Мировой авториритет и. бананы 4 страница



Упрямство зарубежных ученых в деле непризнания приоритета К. Э. Циолковского очень велико. По прошествии четверти века проф. А. А. Космодемьянский пишет: «Только в результате настойчивости многих русских инженеров и ученых и большого числа статей в советской прессе Оберт в частных письмах к Циолковскому признает его приоритет в разработке ракет для космических полетов». В другом месте А. А. Космодемьянский пишет: «Только благодаря широкой кампании в советской печати и возмущению ряда видных советских ученых Оберт в частных письмах к Циолковскому вынужден был признать его приоритет в разработке ракет для космических полетов».

К сожалению, эти слова не вполне точно освещают истинное положение вещей. Говорить об участии в этом деле «многих русских инженеров и ученых и т. д.» нельзя, ибо профессор Оберт вынужден был считаться с существованием К. Э. Циолковского и официально признать его в результате письма к нему лично, а о работах Константина Эдуардовича в области ракетодинамики узнал из его брошюры «Ракета в космическое пространство», посланной нами в 1924 году профессору Оберту в десяти экземплярах.

Если до сих пор приоритет К. Э. Циолковского за рубежом не везде признан, то опять-таки винить надо не только зарубежных ученых, но и нас за удивительное безразличие к вопросам, касающимся приоритета и авторитета российских или советских ученых, за ревностное замалчивание русских или советских работ, за извраение истории того или другого открытия или изобретения, за искажение смысла и значения той или иной работы. Борьба с этим злом в научной среде не ведется, в то время как следовало бы наказывать людей, повинных в нем,— и наказывать больно, как за уголовное преступление против Родины.

Чаще всего, читая огромную иностранную литературу по ракетодинамике и космонавтике, приходится сталкиваться с фактом отсутствия указаний на труды «отца ракетодинамики» К. Э. Циолковского. В этих случаях при переводе с иностранных языков на русский переводчики или редакторы этих трудов должны указывать, кто является истинным «отцом ракетодинамики». Так, например, в книге «Ракета с атомным двигателем» Р. Бассарда и Р. де Оауэра на стр. 18 русского издания (1960) переводчик верно отметил: «Впервые это соотношение было получено в несколько ином виде выдающимся русским ученым К. Э. Циолковским».

«Замалчивание буржуазными исследователями трудов великого русского ученого, основоположника новой научной дисциплины — ракетодинамики, продолжается до наших дней, — пишет профессор А. А. Космодемьянский в 1952 году. — В научно-популярных книгах и научно-технических компилятивных трактатах, вышедших за границей за последние 5—6 лет, упоминается лишь наша русская «катюша», преподносимая как одно из необъяснимых чудес «этих странных русских». А о том, что русские создали теоретические основы всех реактивных аппаратов задолго до работ заграничных ученых, что русские дали ракетодинамике необычайный размах и глубину заключений, которые характерны для бессмертных творений человеческого ума, буржуазные авторы «скромно» умалчивают».
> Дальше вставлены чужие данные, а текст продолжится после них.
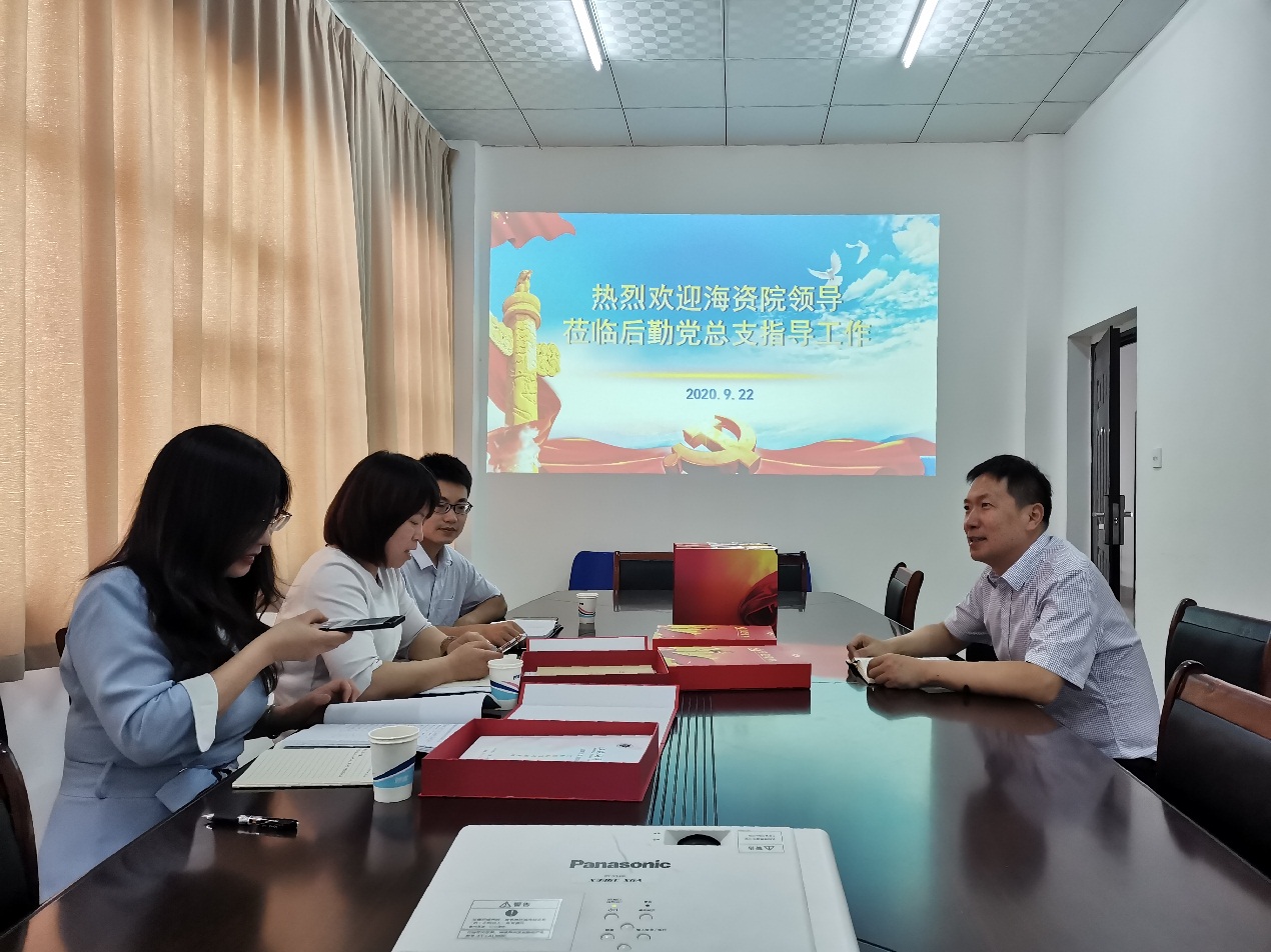 冯源介绍了后勤党总支的基本情况,与海资院党政领导共同查阅了后勤党总支的各项党建资料,重点就全面从严治党清单的落实、自查自纠工作的开展、党政联席会、党总支会、理论中心组学习以及党支部战斗堡垒和党员先锋模范作用发挥方面,进行了详细的介绍。

Для меня было большой радостью прочесть в книге «Исследование пространства» известного английского ученого Артура С. Кларка, бывшего президента Британского межпланетного общества, члена Королевского астрономического общества, следующие строки: «Первым человеком, кто преодолел трудности серьезных и глубоких математических исследований по обоснованию принципов полета в пространстве, был русский школьный учитель К. Э. Циолковский». Эти строки были опубликованы в Нью-Йорке в 1959 году.

В фундаментальном издании Жюля Дюгема, вышедшем в Париже в 1959 году, на странице 226 читаем: «Научное обоснование межпланетного полета открывается в 1896 году работами профессора Циолковского. Тот же ученый в 1903 году дал схему первого ракетного мотора на жидком топливе».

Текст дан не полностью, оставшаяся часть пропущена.